As to 1 million threads, the assumption is that if you have 1 million threads they won’t be serving 1M concurrent single-threaded transactions (unless you have the requirements and therefore resources to do that), but rather, you’d have something like 100K concurrent transactions, each served by one “deep stack thread” plus, say, 9 more “shallow” threads doing subtasks like outgoing microservice calls. Resource management is easily controlled with semaphores — you really should never pool virtual threads.
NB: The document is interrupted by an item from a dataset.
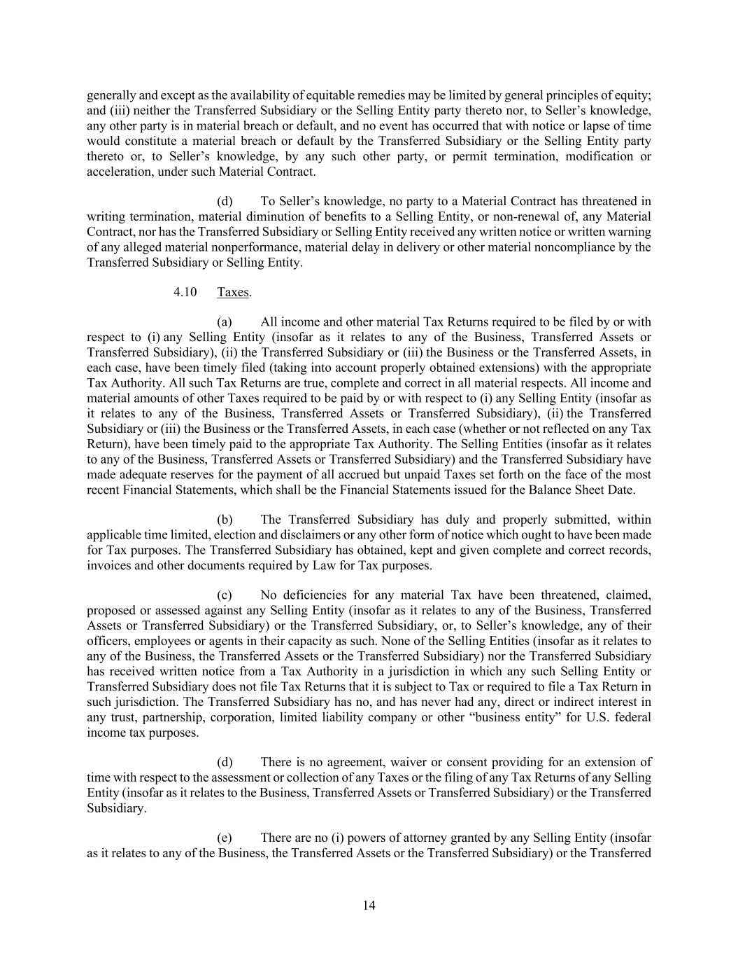 14 generally and except as the availability of equitable remedies may be limited by general principles of equity; and (iii) neither the Transferred Subsidiary or the Selling Entity party thereto nor, to Seller’s knowledge, any other party is in material breach or default, and no event has occurred that with notice or lapse of time would constitute a material breach or default by the Transferred Subsidiary or the Selling Entity party thereto or, to Seller’s knowledge, by any such other party, or permit termination, modification or acceleration, under such Material Contract. (d) To Seller’s knowledge, no party to a Material Contract has threatened in writing termination, material diminution of benefits to a Selling Entity, or non-renewal of, any Material Contract, nor has the Transferred Subsidiary or Selling Entity received any written notice or written warning of any alleged material nonperformance, material delay in delivery or other material noncompliance by the Transferred Subsidiary or Selling Entity. 4.10 Taxes. (a) All income and other material Tax Returns required to be filed by or with respect to (i) any Selling Entity (insofar as it relates to any of the Business, Transferred Assets or Transferred Subsidiary), (ii) the Transferred Subsidiary or (iii) the Business or the Transferred Assets, in each case, have been timely filed (taking into account properly obtained extensions) with the appropriate Tax Authority. All such Tax Returns are true, complete and correct in all material respects. All income and material amounts of other Taxes required to be paid by or with respect to (i) any Selling Entity (insofar as it relates to any of the Business, Transferred Assets or Transferred Subsidiary), (ii) the Transferred Subsidiary or (iii) the Business or the Transferred Assets, in each case (whether or not reflected on any Tax Return), have been timely paid to the appropriate Tax Authority. The Selling Entities (insofar as it relates to any of the Business, Transferred Assets or Transferred Subsidiary) and the Transferred Subsidiary have made adequate reserves for the payment of all accrued but unpaid Taxes set forth on the face of the most recent Financial Statements, which shall be the Financial Statements issued for the Balance Sheet Date. (b) The Transferred Subsidiary has duly and properly submitted, within applicable time limited, election and disclaimers or any other form of notice which ought to have been made for Tax purposes. The Transferred Subsidiary has obtained, kept and given complete and correct records, invoices and other documents required by Law for Tax purposes. (c) No deficiencies for any material Tax have been threatened, claimed, proposed or assessed against any Selling Entity (insofar as it relates to any of the Business, Transferred Assets or Transferred Subsidiary) or the Transferred Subsidiary, or, to Seller’s knowledge, any of their officers, employees or agents in their capacity as such. None of the Selling Entities (insofar as it relates to any of the Business, the Transferred Assets or the Transferred Subsidiary) nor the Transferred Subsidiary has received written notice from a Tax Authority in a jurisdiction in which any such Selling Entity or Transferred Subsidiary does not file Tax Returns that it is subject to Tax or required to file a Tax Return in such jurisdiction. The Transferred Subsidiary has no, and has never had any, direct or indirect interest in any trust, partnership, corporation, limited liability company or other “business entity” for U.S. federal income tax purposes. (d) There is no agreement, waiver or consent providing for an extension of time with respect to the assessment or collection of any Taxes or the filing of any Tax Returns of any Selling Entity (insofar as it relates to the Business, Transferred Assets or Transferred Subsidiary) or the Transferred Subsidiary. (e) There are no (i) powers of attorney granted by any Selling Entity (insofar as it relates to any of the Business, the Transferred Assets or the Transferred Subsidiary) or the Transferred

I don’t think I’d call it an “entirely different programming style,” but to get the full benefits of Loom some old habits would need to be abandoned; if not, you’d still see better results, but not necessarily the optimal ones.
Finally, as to GC pauses with lots of deep threads, I wouldn’t take away anything from current experiments. The current code leaves plenty on the table as far as memory reclamation goes for our own debugging purposes, and the interaction with the GC in general will likely improve considerably in the coming months.”
https://www.reddit.com/r/java/comments/kmn6m3/do_looms_claims_stack_up_part_1_millions_of/

    gregw · 30/12/2020 at 09:33

    John, sorry if you thought the posts were negative. We were not intending them to be, rather a genuine attempt to see pros and cons of the approach and we are just calling the results as we see them. I think some pretty big claims have been made for Loom, with perhaps a bit of over-hyping going on, so getting back to the fact Loom doesn’t magic any more system resources into existence perhaps reads negatively? It may well be that Loom is a great new technique to utilise system resources concurrently, but past experience and current experimentation indicate that it would be unwise to totally discard other techniques such as async and thread pools.